研修院とは

研修院は、理科分野を担当している現職教員が、理科の授業を行う上で生じた疑問や問題を基にした課題を、群馬大学教育学部理科教育講座の教員と協同して解決する、オーダーメイド型の研修の場です。

 理科の授業では「科学」や「科学技術」の内容を扱います。このうち「科学」は、新たな発見によって定説が覆ることもある、変化を常とする学問です。また「科学技術」は日々目覚しいスピードで進歩しています。これらの変化や進歩を把握し、新しい知見やそれらを反映させた教材を授業に取り入れることで、理科の授業はよりおもしろい充実したものになると考えられます。
 また、理科の授業には必ずといっていいほど観察・実験が取り入れられます。観察・実験は実感を伴った理解には欠かせないものですが、授業時間に制約があることや多数の生徒が平行して行うことなどから、授業での観察・実験が予想と違う結果、つまり『失敗』に終わることも少なくありません。このような『失敗』を避けるためには十分な予備実験を行うことはもちろんですが、『失敗』をしたときにその原因を明らかにすることも大切です。
 以上のことから、理科を教えるためには学び続けることが必要であると言えます。しかし、学校の教員は理科を教えるだけでなく生徒指導や学校運営の業務を行わなければなりません。さらに小学校の教員は理科以外の教科の指導も行います。そのため、現職教員が純粋に理科の授業のために割ける時間は限られています。
 このような実態を踏まえて県や市町村が行う理科に関する研修や任意団体の勉強会などの機会が設けられており、多くの現職教員が研鑽を積んでいます。しかし、これらの研修の多くは受講人数が制限されており、あらかじめテーマが決まっています。このような研修以外に、一人一人の教員が求める知識や技術を個別に習得する場も必要ではないでしょうか。

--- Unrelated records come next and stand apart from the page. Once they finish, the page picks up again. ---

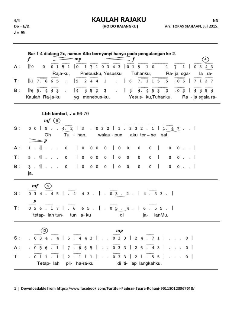 Tongtong ma au ramoti di nasa langkangki. Saleleng mangolu ahu sahat tu Ho. Tuhan molo tung mabiar pe ahu Sai tiop ma tanganku sai togu-togu ahu Sondangima ma rohakku urasi tondikki Ho do hatiurani ho do muali Ho do dalan na tutu ho do sasude Ho do Rajakku sipaluai sahat tu surgo ahu Binahen ni mudar-Mi Ho do Rajakku naung manobus ahu Dang.
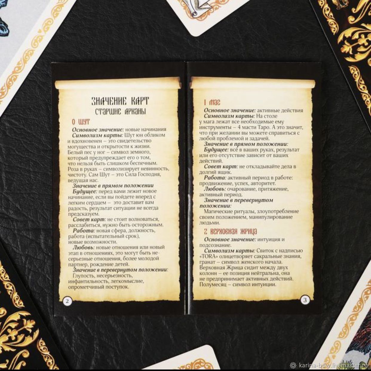 Карты Таро на столе . Таро Кроули Шут . Фон для карт Таро . The Akashic Tarot Таро Акаши . Карты Таро заставка .
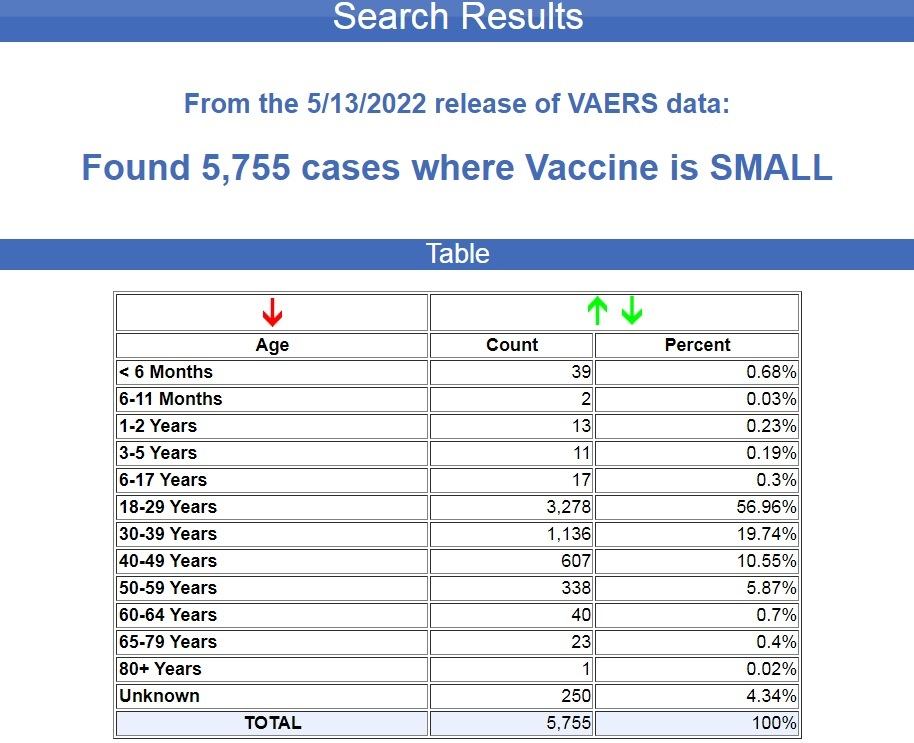 Here is the age breakdown from the reported injuries and deaths in VAERS following smallpox vaccines:
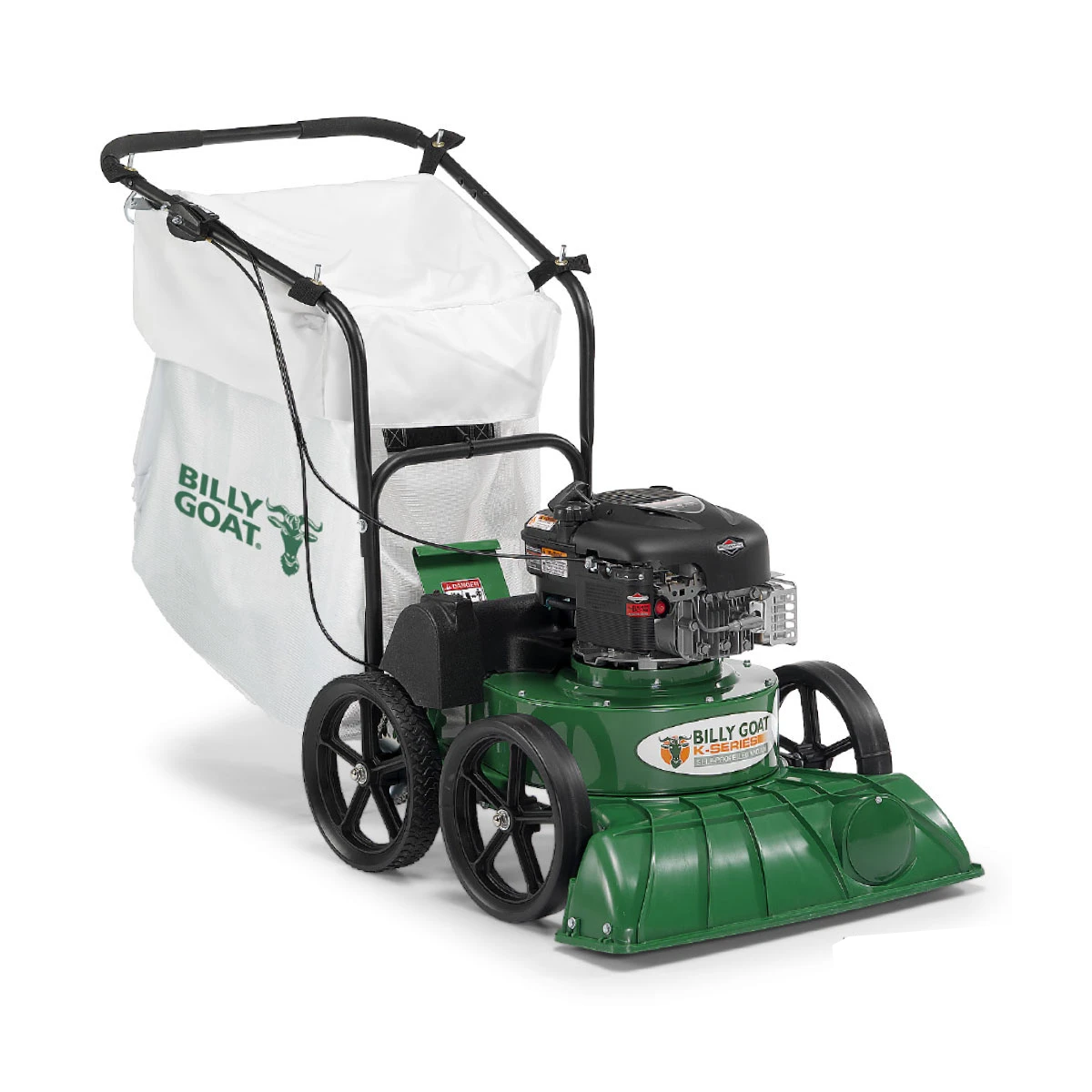Powerful suction and easy operation make clean up a snap for leaves, seeds, mulch, blooms, branches, litter and debris. Ideal for multi-surface residential and light commercial use, Billy Goat’s versatile 69cm / 27″ wide lawn and litter vacuum has variable height adjustment for hard surface or turf work. This billy Goat has 30cm /12″ tyres on this push vacuum make operation easy, even in a hilly environment. The KV601 vacuums are powered by trusted Briggs & Stratton engines.
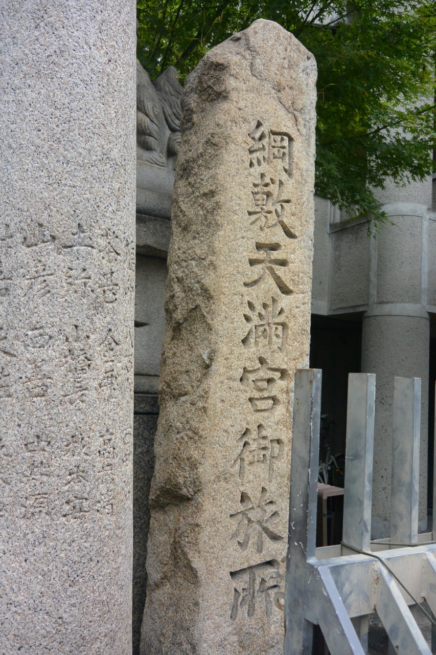 賑やかな茶屋町の一画にあります。本社はここから少し離れた北区神山町にあり、その御旅所なのですが、元々が綱敷天神社の南にあった梅塚天満宮であることから、鳥居や社殿を持ったひとつの神社として建立されたそうです。周囲が平地なのに、なぜわざわざ土地を盛って社殿を高いところに持ってきたのか不思議でしたが、水害を考えてのことのようです。
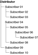 The following illustrates a Distribution hierarchy containing a Distributor, several parent Subscribers, and many end-node Subscribers:
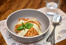 спагетти с говядиной и красным соусом
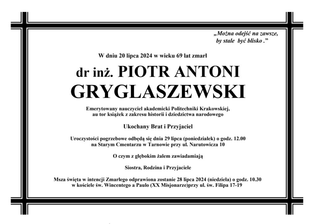Wszystkim, których śmierć Doktora Piotra Gryglaszewskiego napełniła bólem i smutkiem, a zwłaszcza Jego Najbliższym, składamy najserdeczniejsze kondolencje.
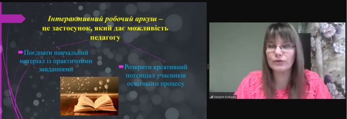 За такою темою відбувся онлайн-вебінар для викладачів, в якому виступила спікеркою доцентка кафедри гуманітарних дисциплін та українознавства, кандидатка філологічних наук Наталія КОБИЛКО. Захід був проведений на базі Навчально-методичного центру професійно-технічної освіти у Сумській області.
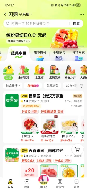 配送方面,采用定向即时配送,骑手优先从闪电仓取货,平均30分钟送达,效率极高。入驻商家超百万家,且严格审核资质,保障商品新鲜正品。平台活动丰富,新用户首单立减、限时秒杀等频繁,还有会员免配送费权益。

 我々群馬大学教育学部理科教育講座では、理科で即戦力となる教員を養成すべく、学部・大学院を通じて授業改善などの努力を行ってきました。一方で、学生が就職して現職教員となった後の知識・技術の更新は、現場でのOJT(On the Job Training)に任せて積極的に関わりを持って来ませんでした。しかし、団塊世代の退職が始まり、知識や技術の継承が各界で難しくなっている今日、教員養成学部として、世に送り出した学生が理科の教員として活躍し続けることができるように生涯に渡って支援することも重要ではないかと考えるようになりました。
 そこで発足させたのが「群馬大学理科教育長期研修院(Gunma University Center for Professional Development and Research in Science Education)」です。研修院では、理科の授業を行う上で生じた問題や疑問を基にした課題を現職教員の方々からご提案いただき、担当教員と協同して解決を目指します。
 担当教員となる群馬大学教育学部理科教育講座の教員は、教員養成を行っているだけでなく、それぞれが物理・化学・生物・地学・理科教育分野の独自の研究を行っており、各自の専門分野に関してエキスパートであると自負しています。我々の知識・技術と大学の機材等が現職教員にとって有用なリソースとして活用されることは、教員養成学部の教員として大変喜ばしいことです。また、現職教員の方々と関わる機会が増えることで、現場の課題に即した、より即戦力の高い卒業生を送り出す教員養成につながるのではないかと期待しています。

 高い能力を持つ理科の教員を養成し、現職となってから課題が生じたときには研修院で解決のお手伝いをし、その活動がさらに高い能力を持つ理科の教員の養成につながる―群馬大学教育学部理科教育講座では、研修院がそんなポジティブ・スパイラルの核となることを願いながら活動していきたいと考えています。